*** Data supplied ***

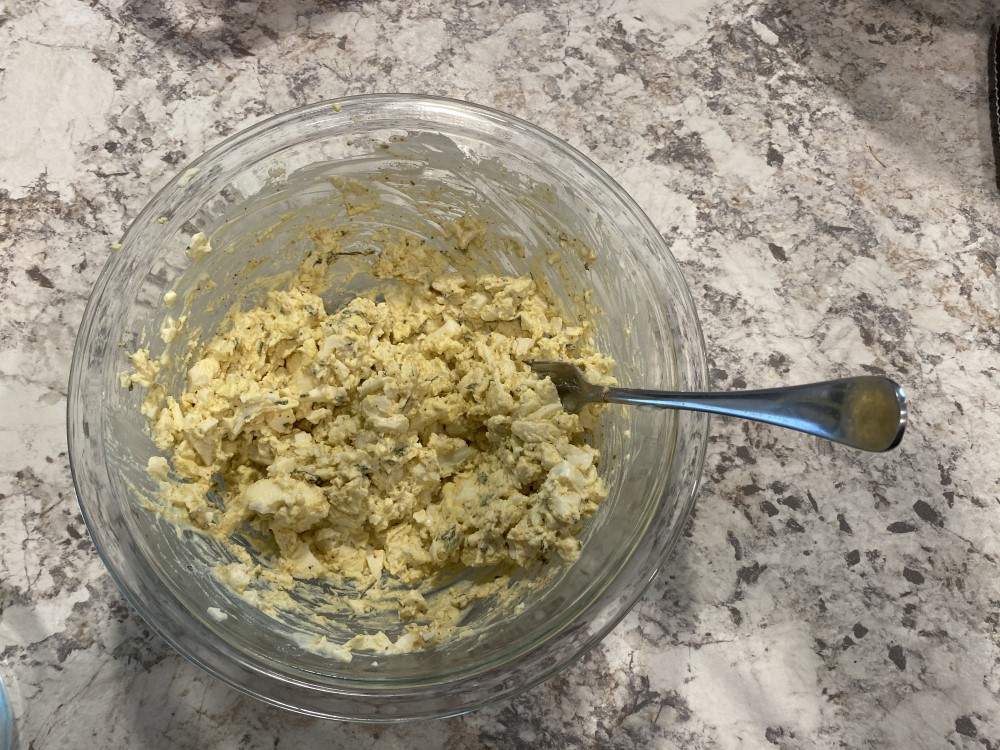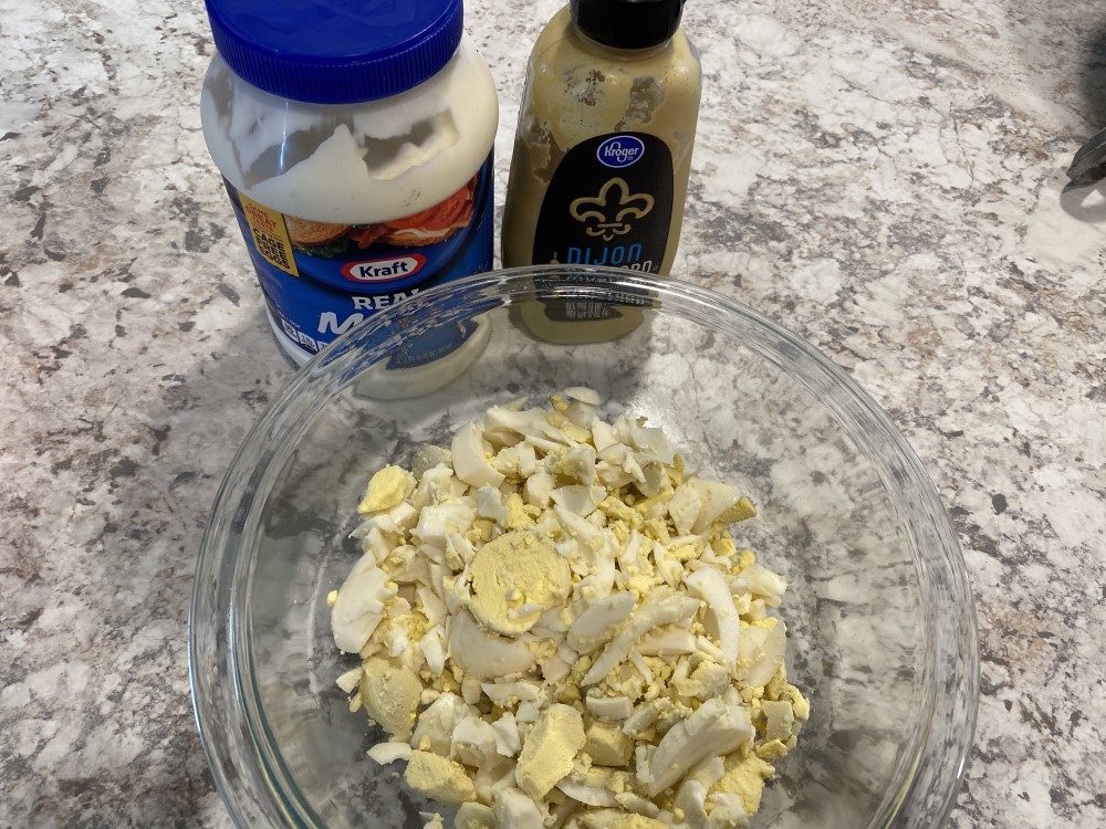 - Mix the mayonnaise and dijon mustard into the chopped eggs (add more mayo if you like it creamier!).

*** End of Data supplied ***
*** Data supplied ***

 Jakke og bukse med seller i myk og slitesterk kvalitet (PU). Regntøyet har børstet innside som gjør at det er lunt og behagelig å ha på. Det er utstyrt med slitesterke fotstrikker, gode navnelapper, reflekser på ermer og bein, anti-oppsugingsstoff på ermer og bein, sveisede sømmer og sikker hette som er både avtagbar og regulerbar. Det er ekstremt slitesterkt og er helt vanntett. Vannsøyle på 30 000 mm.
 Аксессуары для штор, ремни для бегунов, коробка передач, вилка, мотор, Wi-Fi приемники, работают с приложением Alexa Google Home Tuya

*** End of Data supplied ***

» To do
In the listing above, the lines from the one containing "Jakke og bukse" through the one containing "Аксессуары для штор, ремни" must be set down exactly, with no other lines.

» Solution
 Jakke og bukse med seller i myk og slitesterk kvalitet (PU). Regntøyet har børstet innside som gjør at det er lunt og behagelig å ha på. Det er utstyrt med slitesterke fotstrikker, gode navnelapper, reflekser på ermer og bein, anti-oppsugingsstoff på ermer og bein, sveisede sømmer og sikker hette som er både avtagbar og regulerbar. Det er ekstremt slitesterkt og er helt vanntett. Vannsøyle på 30 000 mm.
 Аксессуары для штор, ремни для бегунов, коробка передач, вилка, мотор, Wi-Fi приемники, работают с приложением Alexa Google Home Tuya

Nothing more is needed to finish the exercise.